В пятом классе в школе начался новый предмет, ботаника. Учительница Варвара (отчество забыл), очень строгая, любившая покричать-поругать, влепила мне кол в дневник. Такой большой, красный. Я сейчас даже не помню за что. И моя Мать сразу прибежала в школу разбираться, хотя её никто не вызывал. Это был первый и последний кол в моей жизни. Двойки тоже мне ставили очень редко. Так что, родители, проверяя регулярно мой дневник, оставались довольными. Через год-два, когда Варвара вела у нас уже зоологию, я, боящийся её, и родителей, срисовал цветными карандашами в тетрадь окуня и пчелу, чтобы её задобрить, да так хорошо, что Варвара подумала сначала, что я вырезал их из учебника. Она принялась меня ругать, но когда узнала, что я их рисовал, а не портил учебник, то её гнев сменился на милость. И я попал в её любимчики за своё старание. Но я не был прилежным по её предметам! Я просто хотел её задобрить, чтобы она изменила отношение ко мне. Что и вышло.

Острова

У дяди Саши (папиного брата) и его жены тёти Люси было двое сыновей: старший Игорь и младший Сергей. Но поскольку дядя Саша намного старше моего отца, то в период моего детства они оба уже были взрослыми. Игорь носил бороду, и в детстве, когда я с отцом приходил в гости к Игорю и его жене Тане Павловым, то я его называл "дядя Игорь". Так вот, оба сына дяди Саши также окончили Горный институт и остались в нём учиться-работать и дальше. Возможно, что в аспирантуре, но таких подробностей я, как тогда, так и сейчас, не знал и не знаю. У Игоря с Таней был сын Витя, на пару лет младше меня. Так вот, этого Витю я воспринимал как брата, хотя двоюродным братом на самом деле мне приходился его отец Игорь. Но какой же он мне брат, этот Игорь, когда он уже с бородой? – настоящий дядя!

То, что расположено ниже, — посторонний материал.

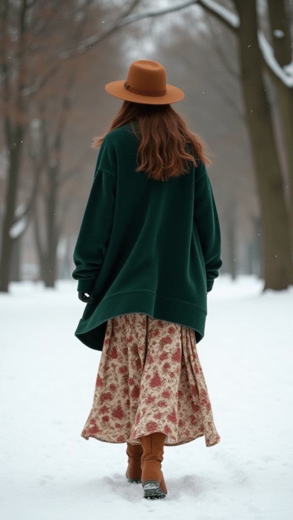 Who says you can t wear florals in winter? A long, flowy skirt paired with a chunky cardigan is the ultimate boho-winter look.
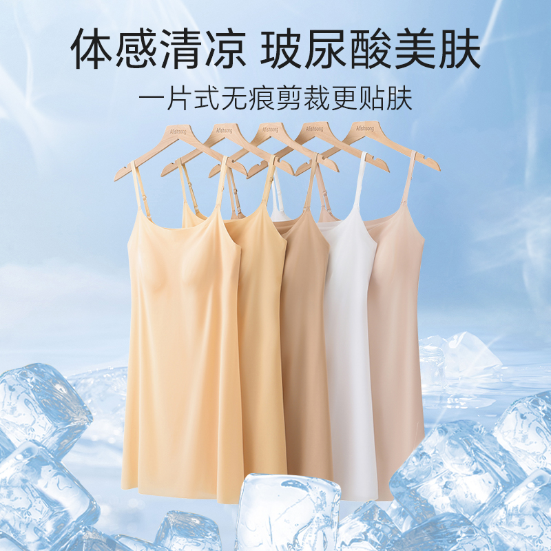 吊带内衬裙带胸垫睡衣防透内搭防走光背心女夏冰丝打底连衣裙睡裙

И был у дяди Саши с тётей Люсей в Кузнечном (последняя станция Приозерского направления на электричках, аж 13-ая зона!) сельский домик с двумя комнатами. Он купил этот домик по цене дров по дешёвке, поскольку дом в перспективе предназначался под снос под застройку новым многоквартирным домом. Но этот домик годами не сносили – пускай стоит до времён, когда начнётся стройка.

В 1982 году летом перед или после пионерского лагеря я месяц провёл на этой "даче" с бабушкой Тоней и моей кузиной Настей (дочерью тёти Надины). Одновременно на "даче" в другой комнате жили Витя со своей бабушкой, матерью тёти Тани. С Витей и Настей мы вместе играли. С Витей мы вместе плели из разноцветной тонкой проволоки индейцев.

А в Берёзовом, что всего в нескольких километрах от Кузнечного, был домик у друга (а может быть, и не просто друга) тёти Милы Алексея. Берёзово находится на самом берегу Ладожского озера на самой границе с Карелией. У этого Алексея было хобби – изготавливать катера из эпоксидной смолы с деревянными переборками, то есть шпангоутом. Его катера были обтекаемой формы и слыли в округе Берёзова самыми лучшими и быстрыми (если поставить мощный мотор "Вихрь"). В Берёзовом можно было взять и лодку напрокат.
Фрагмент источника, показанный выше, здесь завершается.